Monday, 28 November 2011

Old MacDonald had a Narwhal

There's only so many rounds of Old MacDonald Had a Farm (our current bathtime favourite) that you can sing before you start getting silly. In our case, we take turns to choose the animal and while I dutifully slogged through horses, chickens, sheep etc when it came to my husband's turn he got mischievous. "Old MacDonald had a..." we sang in unison and I looked at him for his choice. "Narwhal" he sang happily. "Okay," I said. "With a...?" We improvised with whale-like sounds. Since then we've had jellyfish (flobber flobber), New Age Hippies (Chakra Chakra) and WWOOFers (Willing Workers On Organic Farms - with a Woof Woof, obviously).

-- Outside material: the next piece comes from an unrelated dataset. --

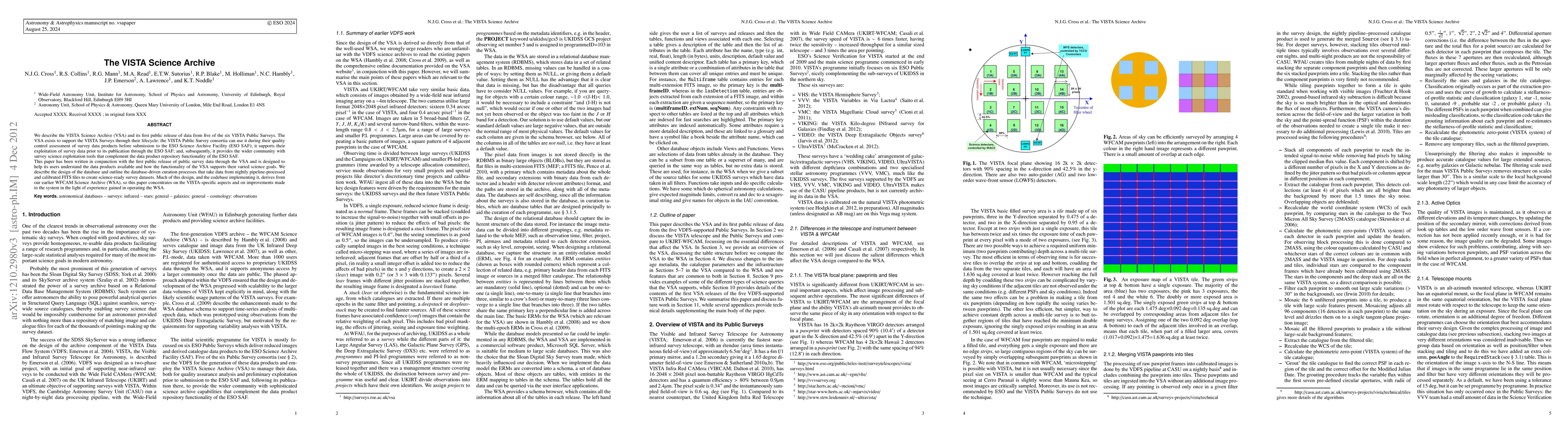 The paper describes the design and implementation of the VISTA Science Archive (VSA), detailing its database structure, curation processes, and improvements over the WFCAM Science Archive (WSA).

A fairly cutey-pie book called I'm a Baby, You're a Baby in which a baby meets a whole range of baby animals (sample text: I'm a baby, you're a baby. We are baby ducks. Ducklings!) has now been transformed into a surreal litany with bouncing on knees incorporated. I'm a baby, you're a baby. We are baby sausages. Chipolatas! and the even odder I'm a baby, you're a baby, we are baby chainsaws. Pocketknives! It keeps the neural pathways on their toes.

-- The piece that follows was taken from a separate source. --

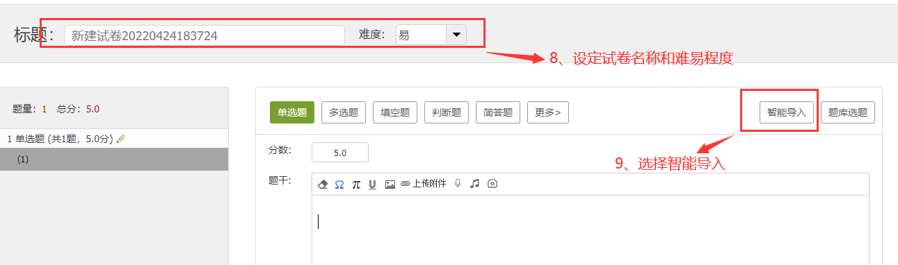 没有题库是否可以直接建设试卷?可以的,就是手动一个个添加题目,或按照智能模板的格式编辑好之后一键识别导入,完成创建。

I have a friend who invented a cheese song for her baby made up of a pretty catchy tune listing every possible kind of cheese and even extending out into other dairy products like yoghurt. I think it had 30-odd verses...

And yet, any nursery rhyme learned as a child must stay exactly as remembered. I'm still reeling from a CD of songs which confidently trills, "This is the way the ladies ride: nim nim nim, nim nim nim."

Nim nim nim? It's trippitree-tree, woman, what's wrong with you?